Vitória Figueiredo Barreto está desaparecida há três semanas, desde 3 de março, quando fez seu último contato com familiares e amigos. Natural de Fortaleza, ela viajou para o exterior em janeiro, participando de eventos no Marrocos antes de seguir para a Inglaterra, onde se hospedava com uma amiga e trabalhava em um projeto de pesquisa na Universidade de Essex, em Colchester. No dia do desaparecimento, ela almoçou com a amiga e deveria se reencontrar no fim da tarde, mas não apareceu.

Os últimos passos confirmados de Vitória foram registrados na marina de Brightlingsea às 00h16 de 4 de março. A polícia trabalha com a hipótese de que ela tenha levado uma embarcação encontrada à deriva no dia seguinte, próximo à costa de Bradwell-On-Sea. As buscas físicas foram encerradas em 20 de março, mas a investigação segue com múltiplas linhas, incluindo a análise de depoimentos de pessoas próximas e a revisão de locais por onde ela passou.

Perspectivas e cooperação internacional

Fernanda Silvestre, amiga de Vitória em Fortaleza, expressou que a nova fase das investigações traz expectativa, mas também angústia. Ela destacou que a polícia está considerando várias possibilidades, como um surto, indução a fugir, ingestão de substâncias alteradoras, sequestro ou tráfico, e que é crucial reconstituir os fatos detalhadamente. O namorado e a mãe de Vitória permanecem na Inglaterra acompanhando o caso.

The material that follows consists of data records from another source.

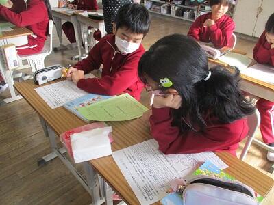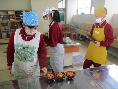 6年生の家庭科「献立を工夫して」では、給食の献立作りをしました。栄養バランスなどを意識しながら献立を考えることができました。1月の給食が楽しみですね。
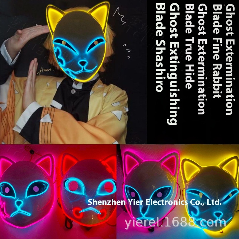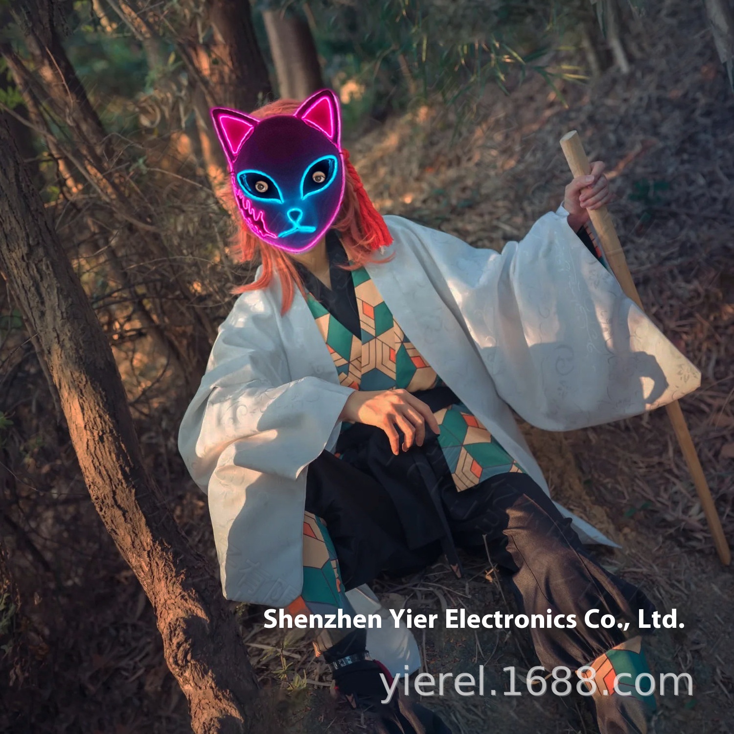 Glowing Mask Demon Slayer:Kimetsu No Yaiba Tanjiro Makoto Kamado Mask Halloween Party Cosplay Props
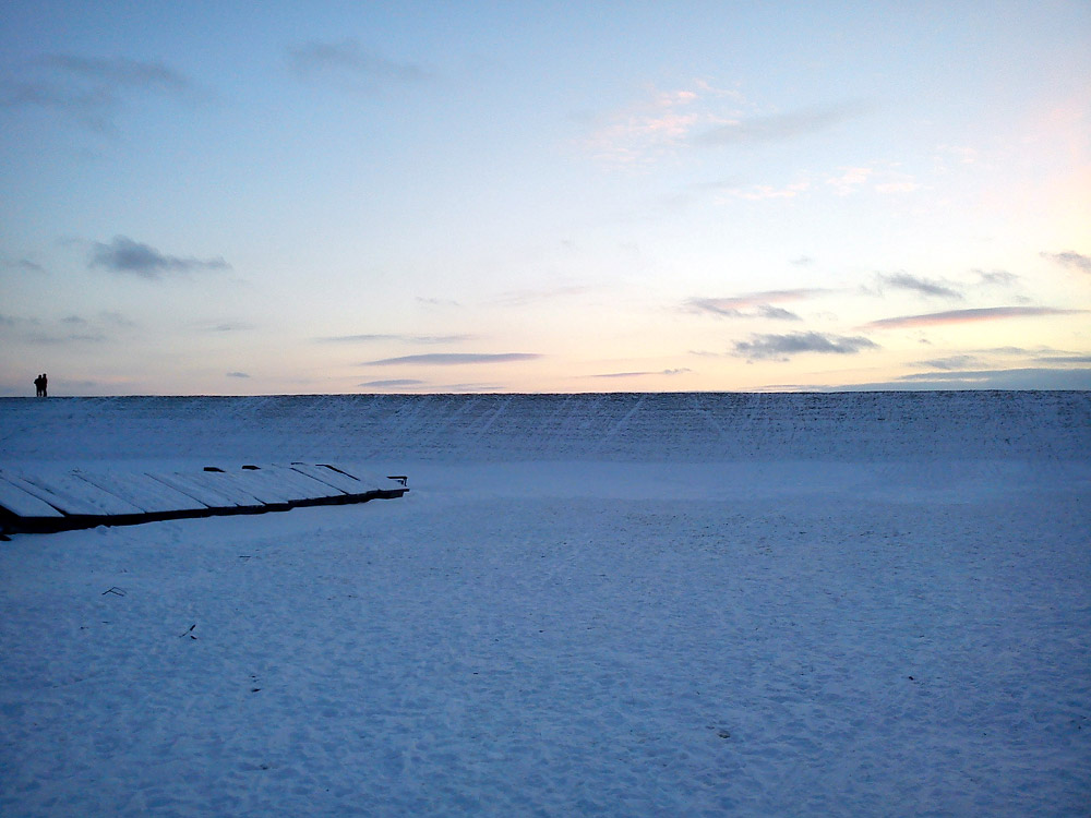 Weiße Weihnachten – im Jahr 2010 gab es sie mal wieder. Gut kann man auf dem Deich die Spuren zahlreicher Schlittenfahrer erkennen.

A superintendente Anna Granger mencionou que o acesso a dados financeiros e de comunicação de Vitória é complexo devido à sua nacionalidade brasileira, exigindo cooperação internacional com o apoio da Embaixada do Brasil. A quebra de sigilo bancário já foi aprovada pela Justiça do Ceará, mas até 24 de março, a polícia britânica não havia recebido os dados solicitados. As investigações continuam focadas em desvendar o mistério do desaparecimento, com a esperança de trazer respostas para a família e amigos.